Slate Picks

What Happened at Slate This Week?

Senior Editor Allison Benedikt dishes on her favorite reads from Slate this week. 

Illustration by Charlie Powell.

Illustration by Charlie Powell

Hello, Slate Plus friends and family. (Hi, Mom.)

I come bearing news of my favorite Slate stories of the week! But first, since you paid good money, a bit about me: I’m Allison. I edit Slate’s women’s section Double X, our Family section, and also the only two Slate writers to get a shout-out from Ruth Bader Ginsburg, Emily Bazelon and Dahlia Lithwick. I also co-host Slate’s parenting podcast Mom and Dad Are Fighting, where Dan Kois and I debate whether it’s better to raise kids in the suburbs or the city (city), if preschool graduation should be a thing (it should not), and whether it is better for your first concert to have been INXS and the Go-Gos or the Monkees at the Canfield Fair (the answer is so obvious I won’t insult you by typing it out). I reveal far too much about my marriage and children on the podcast, so all I’ll say about my personal life here is that I have managed to keep my vagina away from cocaine during my pregnancies, and, despite what you’ve heard, I am not really plotting to drown my dog in the bathtub.

This week on Slate, I had the pleasure of editing our weddings package, which included essays on why kissing in wedding and engagement photos is gross, how to ask your future wife’s parents for her hand in marriage without being a sexist jerk, and the necessity of including political statements in gay weddings by J. Bryan Lowder (or as we call him around the Slate NY office, “Bryan”). You Slate Plussers were also treated to a chat between Derreck Johnson and Jordan Weissmann, two Slate staffers who are currently planning their blessed days.

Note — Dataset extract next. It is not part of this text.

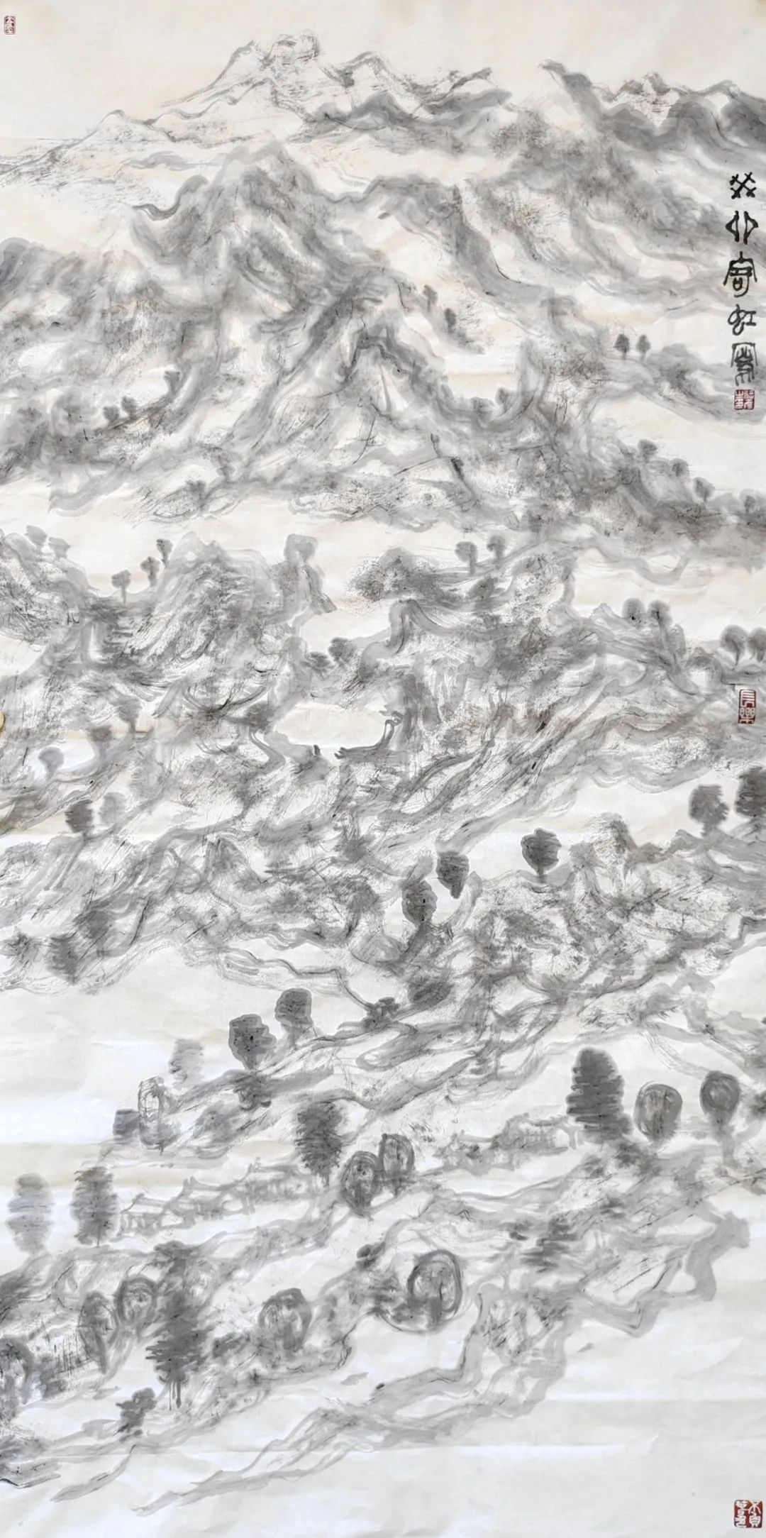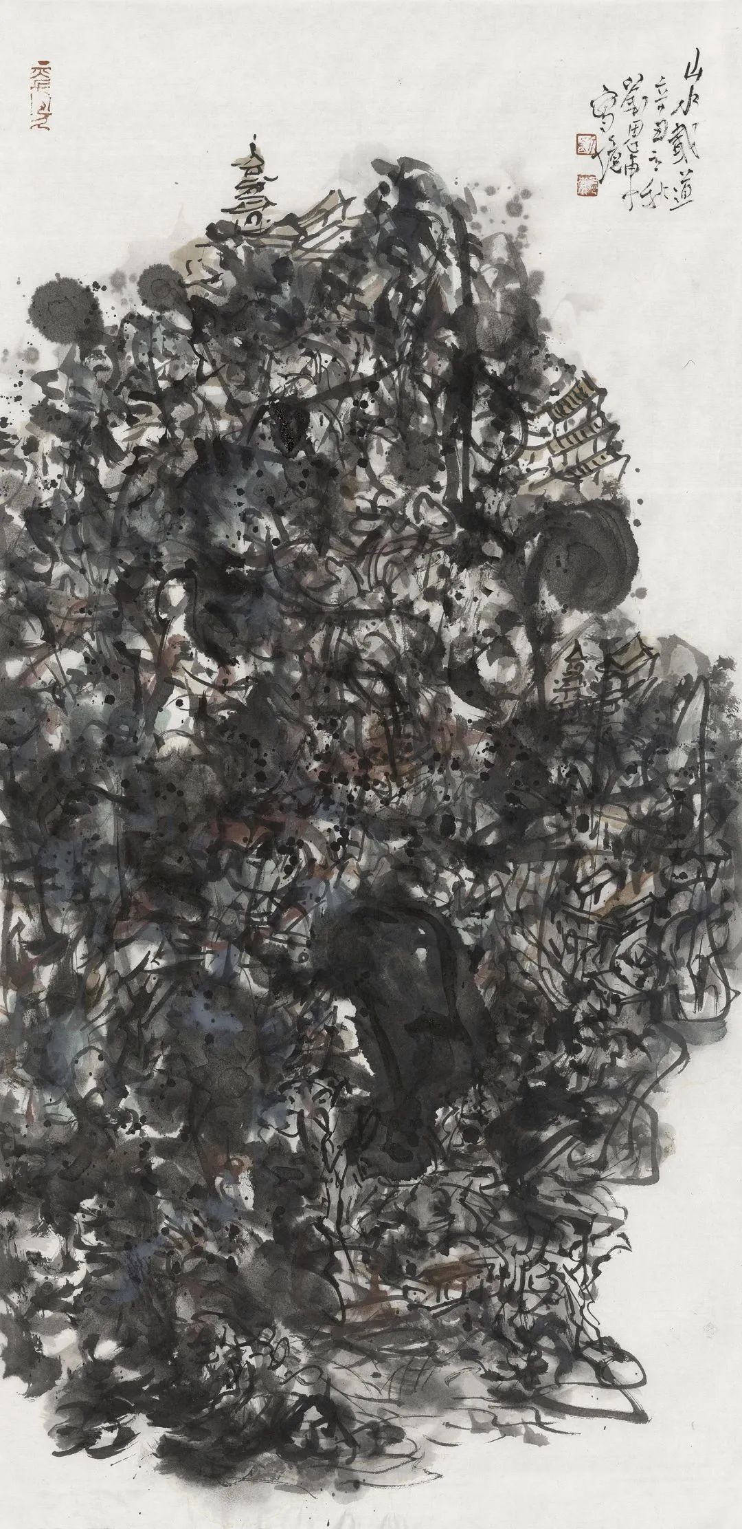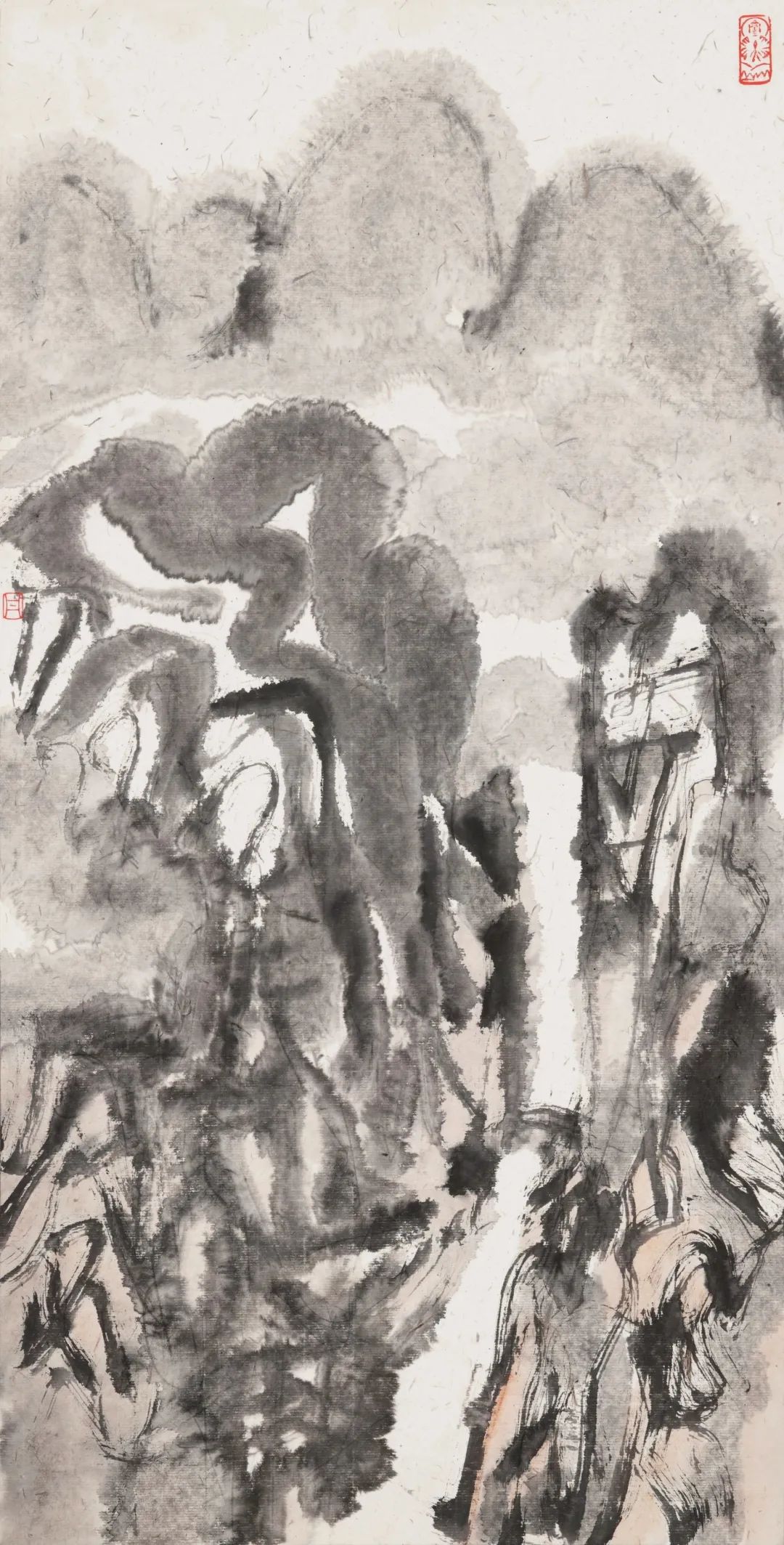 蔡拥华《不辩仙山何处寻》 纸本墨笔 138×69cm 2021年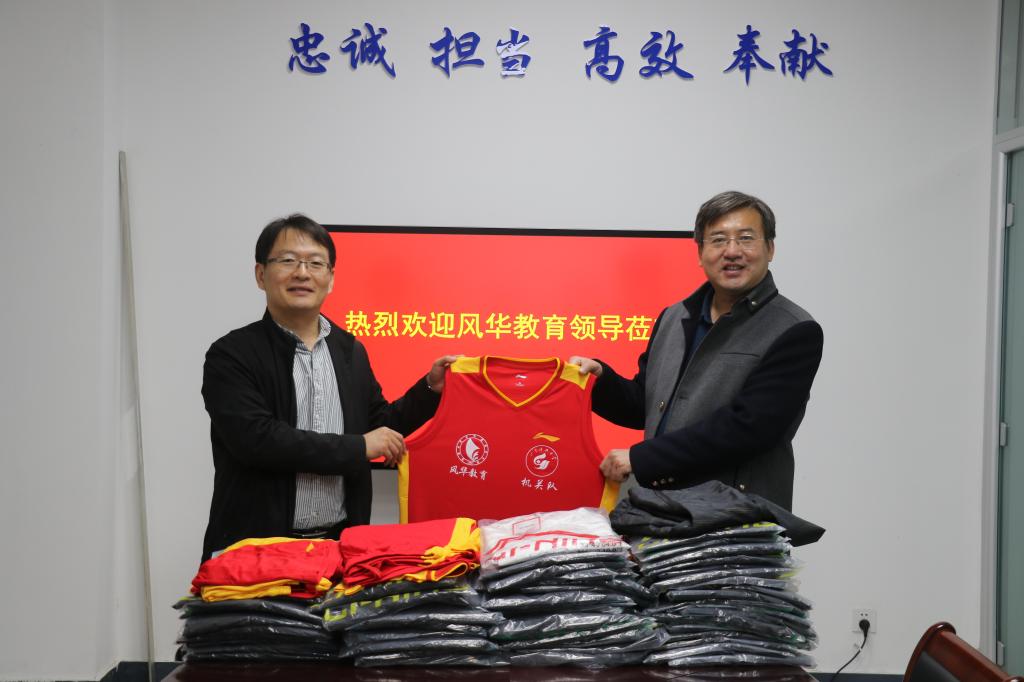 在学校建校69周年之际,行政管理2000校友,济南风华教育培训学校创始人王志刚机关工会捐赠运动服10月7日下午,捐赠仪式在行政楼109会议室举行。机关党委书记李双立、机关工会主席卜文峰和工会委员代表出席仪式。卜文峰主持捐赠仪式并代表工会接受捐赠

I love every piece I edit, of course, but three standouts this week were Amanda Hess’ smart, nuanced look at how New York Times columnist Nicholas Kristof’s storytelling lens isn’t always wide enough for the truth; Amanda Ripley on the push to make teacher training harder in America; and Dahlia on a First Amendment case that the Supreme Court justices have just agreed to hear, which will answer one of the big legal questions of our time: Are online threats protected speech?

Another big question of our time: Why wasn’t Season 4 of Louie very good? Slate’s Television Court Justice Willa Paskin has some thoughts (and when you are done reading those, check out Andy Greenwald’s also excellent analysis over at Grantland). More great stories from Slate’s culture section this week: Forrest Wickman’s tour through Clint Eastwood’s crooning career (the best of the worst: Clint’s duet with Merle Haggard on “Bar Room Buddies”); Kevin B. Lee’s meditation on amateur moviemaking in our media-saturated world (the piece includes Lee’s own amateur movie, which I have not yet watched but definitely plan to); Carl Wilson’s defense of crying in movies (/defense of me watching Kramer vs. Kramer); and an excellent character study of Orange Is the New Black’s Morello, whose distinctive voice Eliza Berman describes as “A little bit Boston, a little bit New Jersey, a little bit mobster, and a little bit mouse.”

Speaking of OITNB, have you listened to the first episode of Willa Paskin’s new Slate Plus podcast on the show? A podcast JUST FOR YOU.

But back to Slate Regular. My favorite headline of the week is “Why So Many American Novels to Make Fun of Russian Accents? Is Odd.” (The post is great too.) And I love, love, love this excerpt from Paul Feig’s old series bible for Freaks and Geeks, in which he details how the characters should talk (“They will never be too clever or grown-up sounding. We don’t want a bunch of teenage Neil Simons spouting off wittily”), dress (Bill: “Orthopedic black dress shoes” that are “not jokey looking—just sensible-looking shoes”), and what music they should listen to (Judas Priest for the freaks, Meat Loaf for the geeks, Carly Simon for the teachers, and “J. Geils Band—freaks for early stuff, geeks for ‘Centerfold’ era”).

Former programmer David Auerbach’s piece about the high he used to get from coding made me both desperate to experience that trance and happy to have a job where I can get up and take a walk.  It also reminded me of Jennifer Senior’s book, in which she, like Auerbach, talks about the concept of “flow” (meaning total absorption in a project) and parents’ inability to achieve it.

Perhaps my lack of flow is why I’m not very (at all) focused on the World Cup this week. Or maybe it’s because I always thought I looked weird in Umbros. Either way, I still enjoyed these pictures of Clint Dempsey, who makes a lot of funny faces, and I could watch this video of a Kansas City crowd totally freaking out at the U.S.’s game-winning goal over and over again. It accurately reflects how I feel about Slate this and every week.  

Thanks so much for reading and supporting us. I’d love to hear about the stories you read and loved this week—in Slate and elsewhere—in comments.